I have a lot of personal experience with the medicalization of conception and pregnancy. Because I am privileged, my reproductive choices have generally been respected, whether that meant opting for D&C procedures rather than waiting for the (God-intended?) miscarriages that nearly broke my heart or deliberately stimulating an unnatural number of eggs, having those eggs harvested, fertilized, cultivated, and then selectively put back into my body with the express purpose that one should live and another should die.
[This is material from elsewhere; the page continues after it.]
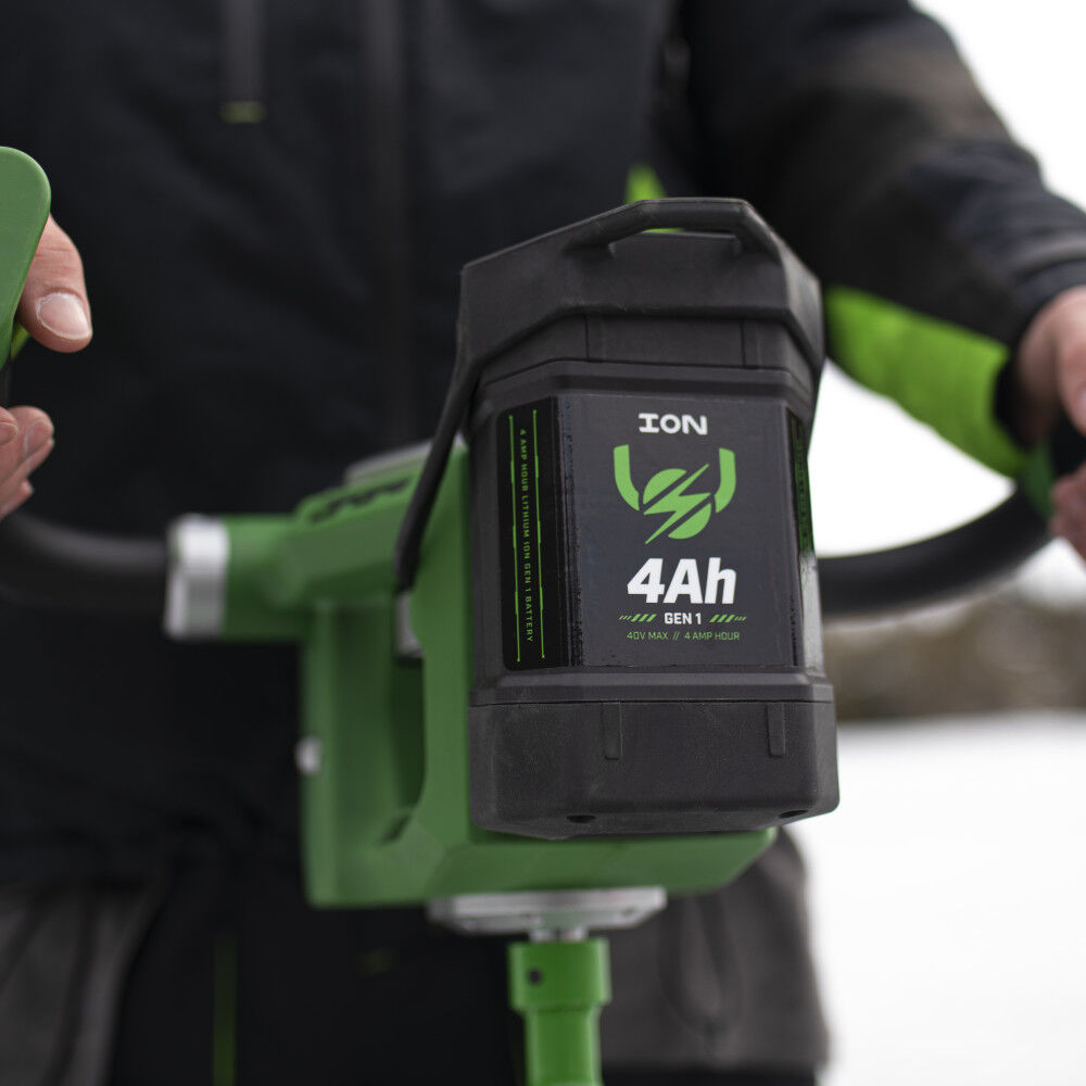- This Gen 1, 4 Amp-Hour battery provides drilling power of up to 1200 inches of ice per charge (with an 8" auger bit).

The realization that one is protected in ways that have never before been visible—this is the potentially radicalizing moment. The open secret about antiabortion rhetoric is that it isn’t about “the babies” at all, it is about punishing women for having sex and/or not wanting to continue a pregnancy, or for daring to be poor or mentally ill or young, or for having a preference about or vision for their lives. We can see this more clearly when we acknowledge that all the privileged women doing unnatural un-God’s-will stuff in laboratories and clinics should be, but are not, quite, part of the conversation about choice.
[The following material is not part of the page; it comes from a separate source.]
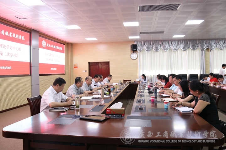 ??????? 2018年6月20日上午,學院黨委理論學習中心組2018年第二次學習會于鵬飛校區會議室召開。黨委書記覃武云主持學習會并作總結發言,學院領導、黨委委員、各部門主要負責人、各系黨總支、直屬黨支部書記、學院工會、團委負責人參加了會議。

In an ideal world, every woman who has ever experienced even the briefest or most minor reproductive health complication (and this must be 98% of women, right?) would see that she has made choices, even if she hasn’t quite realized it. If you had a 20-week fetal scan (sometimes called an Anomaly Scan) while pregnant, you have not only made choices but you overtly value the concept of choice. Though the scan has recently become yet another opportunity to participate in what I think of as the tradition of Fetus Fetish, where you may be given the option to pay $$$ to get a 3-d sonogram image to take home and play “baby” with, the scan is medically meant to check the development of the fetus for anomalies, to check a woman’s uterus for anomalies, to identify problems before they become life-threatening, for the fetus and for the woman, to identify problems with which someone who perhaps very much wants children might feel unequipped to deal, to identify problems so that one can choose what to do. This scan can be heartmaking (it really is amazing to see what a woman’s body can do) and it can be heartbreaking. What it cannot be is disconnected from reproductive choice.
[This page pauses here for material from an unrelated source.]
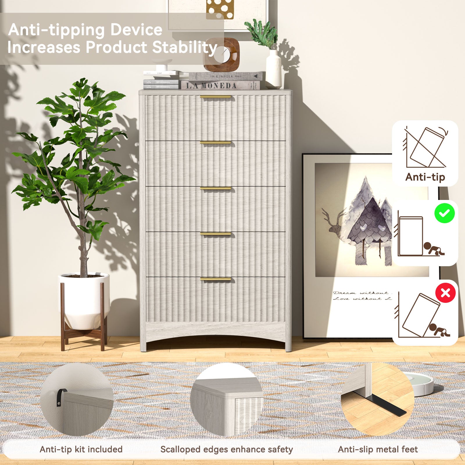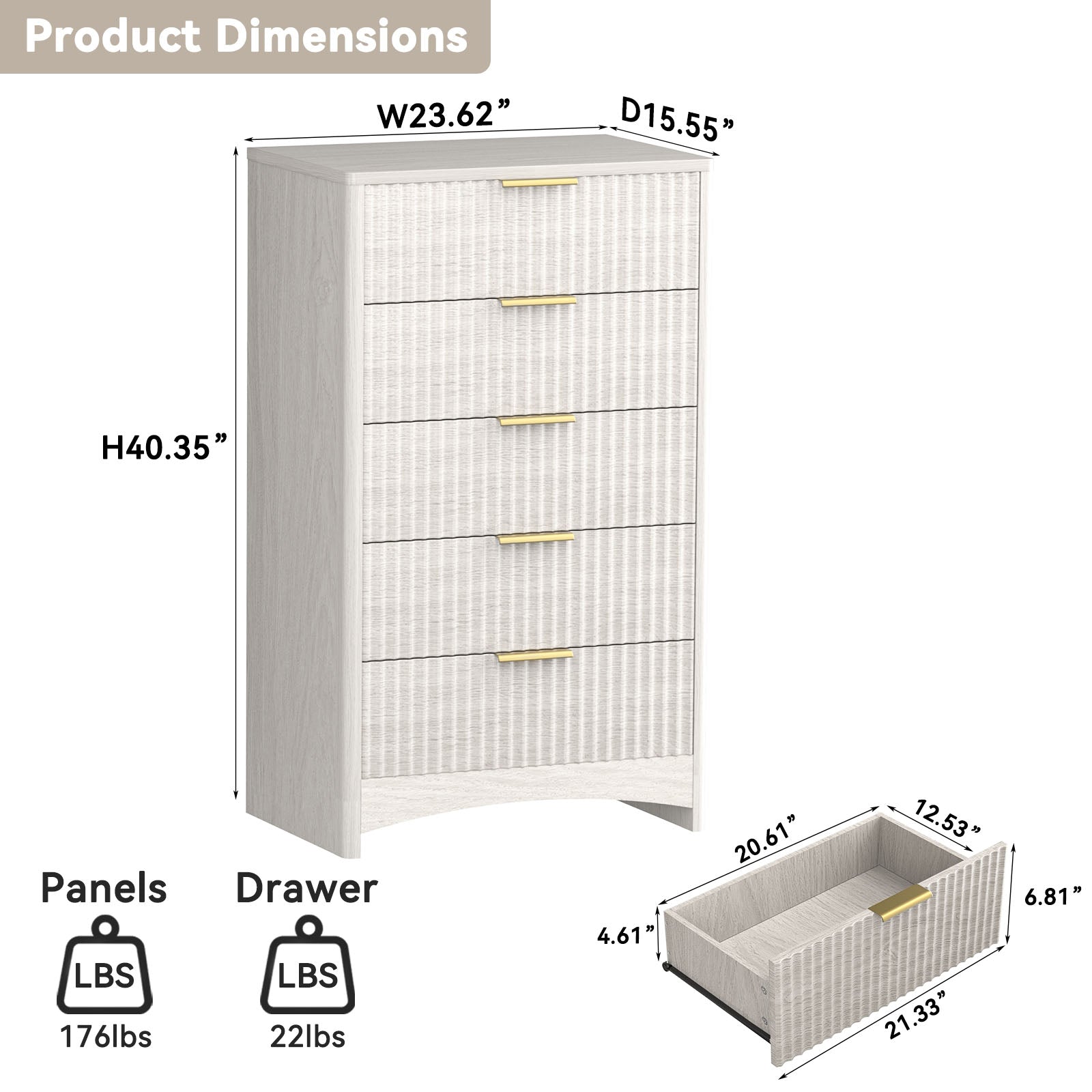 Add modern texture and ample storage to your home with the CHITOOMA 5-Drawer Dresser. Featuring a fluted wood front, gold handles, and a natural finish, this tall storage cabinet blends style and function for your bedroom, hallway, or living room.

And so, as much as I want to full-throatedly defend the right of teenagers and the poor to get the safe abortions they desire and/or need, I also want to shift the spotlight from them a bit, to take on a bit of the burden by arguing from the most privileged of positions that antiabortion’s lack of interest in my reproductive choices is a straight shot into the heart of that rhetoric’s fundamental cruelty. When I miscarried at 10 weeks a very wanted pregnancy, I awoke from the anesthesia after a D&C and caught a glimpse of the tissue that my doctor had removed from my body. The only thought that crossed my riven mind was that I couldn’t believe that there are politicians who think they could enter into that space—that space—in which almost anything can happen, in which lives get made and unmade, in which limits do not hold, a space in which my body does the work and pays the freaking bill.